The third man was Ray. I met him in secret in big-city hotels, he sat in the bar with his sad face, and I would come in in a white linen suit with black-tipped shoes, my hair back in a chignon, a scarf tied to my purse. "I wasn't sure you'd come," I said in a deep, slightly humorous voice, like Dietrich. "But I came anyway."
I heard Marvel calling to me, but she was in another country, too far away. She didn't mean me. She meant some other girl, some drab hopeless thing destined for the army or else beauty school. I lay with my legs wrapped around Ray in a room with tall windows, a bouquet of full-bloom red roses in a vase on the dresser.
"Astrid!"
Her voice was like a drill, penetrating, relentless. If I had a choice, I'd rather be a man's slave than a woman's. I pulled myself out of bed, stumbled into the living room where Marvel and her friends sat on the flowered couch, their heads pressed together over sodas tinted space-alien colors, hands in the snack mixture I'd made from a recipe on the cereal box.
"Here she is." Debby raised her horsey face under her curly perm, eye shadow layered like strata in sedimentary rock. "Ask her."
"I'm telling you, the car," Marvel said. "You come back and you're still living in the same dump, still driving around the same old shitbox.

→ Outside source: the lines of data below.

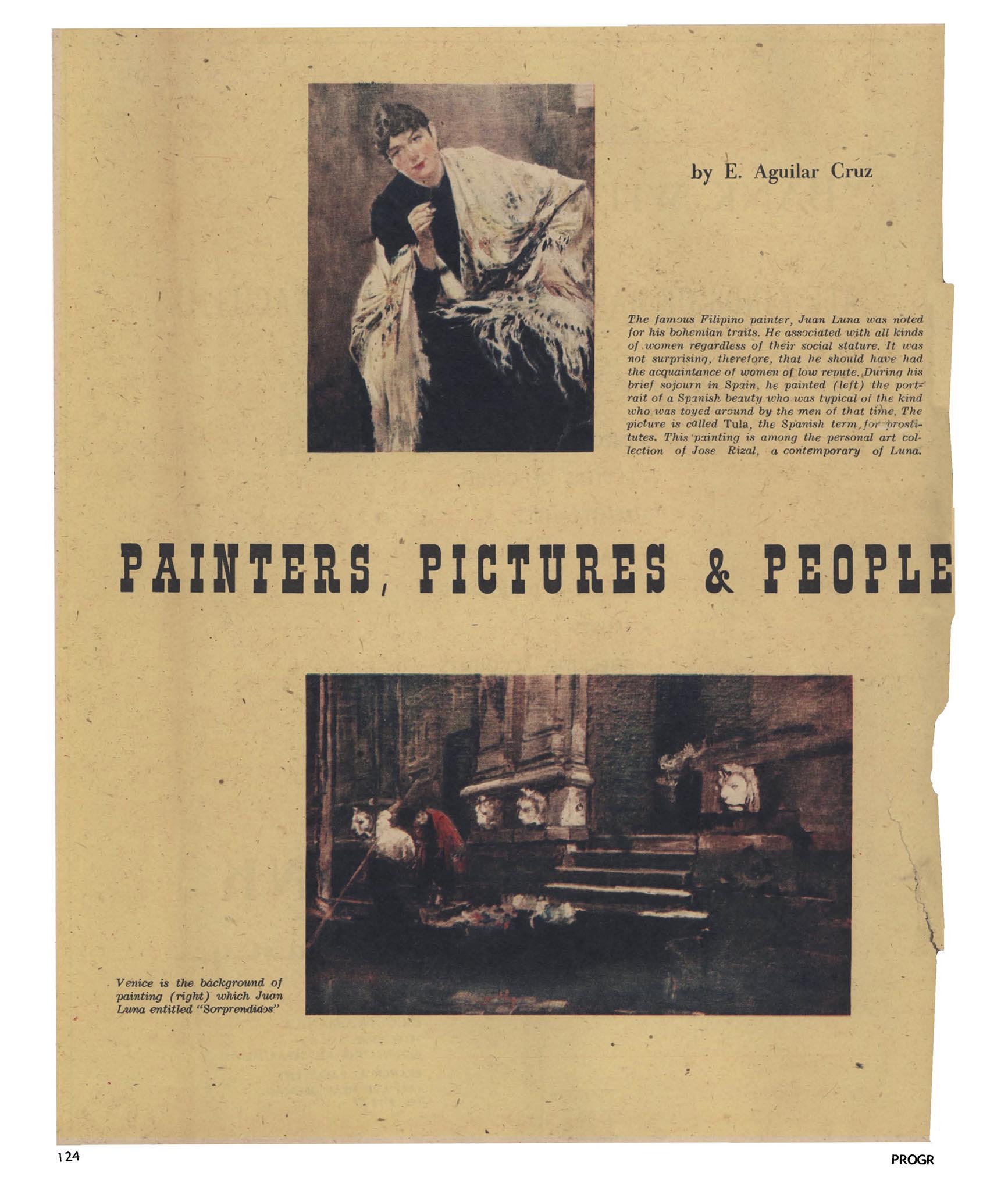 'Painters, Pictures & People' by E. Aguilar Cruz, Progress; "Filipino art is an offshoot of western art, and the Filipino artist of today, like of the west, is isolated from his public"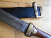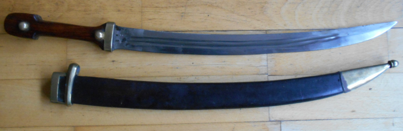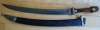 großes Messer mit Scheide Sowjet? Länge ca. 66cm mit Holzgriff dieser mit Messingnieten, Holzscheide mit Leder überzogen und Messingbeschlägen, Klinge mit diversen Markierungen, Klinge gebogen ca. 43 cm, Klinge z.T. Fleckig Messing etwas angelaufen,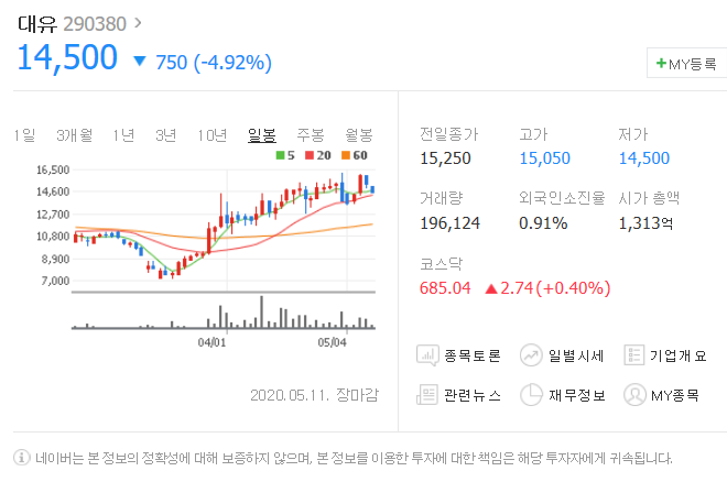 5월 11일 750원 하락했으며, 5월 11일 14500원으로 마무리 되었네요.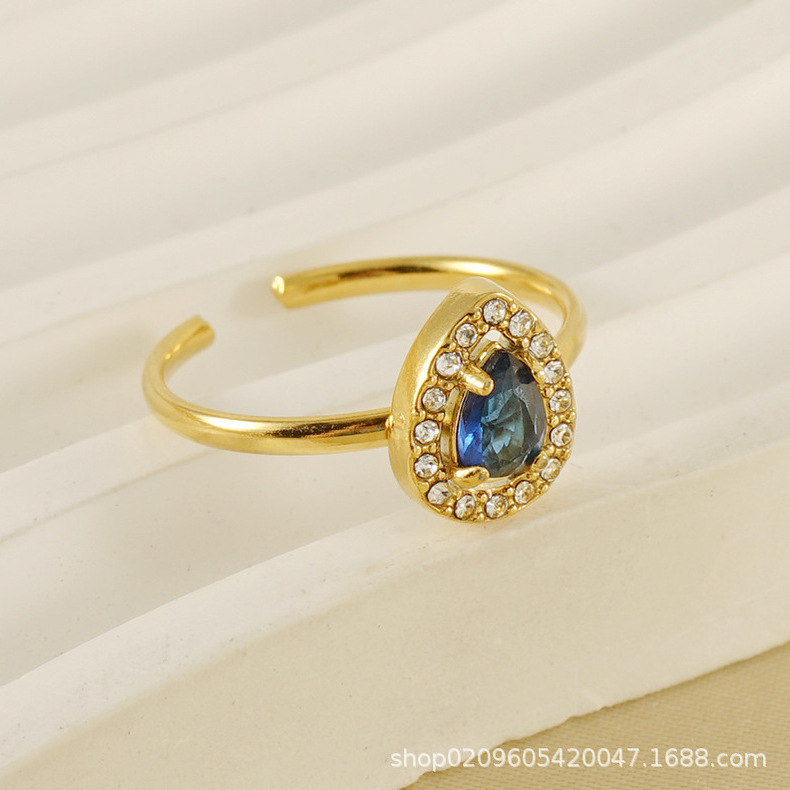European and American Elegant Zircon Open Ring for Women Ins Fashion Stylish Accessible Luxury 18K Stainless Steel Adjustable Water Drop Ring

What good does it do?"
Linda took a hit on her cigarette, fanning the smoke away with a pearl-nailed hand. A blond with blue eyes perpetually wide with surprise, she wore shiny eye shadow like the inside of shells. They all went to Birmingham High together, were bridesmaids at each other's weddings, and now sold Mary Kay.
It was the new Mary Kay brochure, illustrating the prizes they could win if they sold enough mascara wands and lip liners and face-firming masques, that they'd been arguing about. "They used to have Cadillacs." Linda sniffed.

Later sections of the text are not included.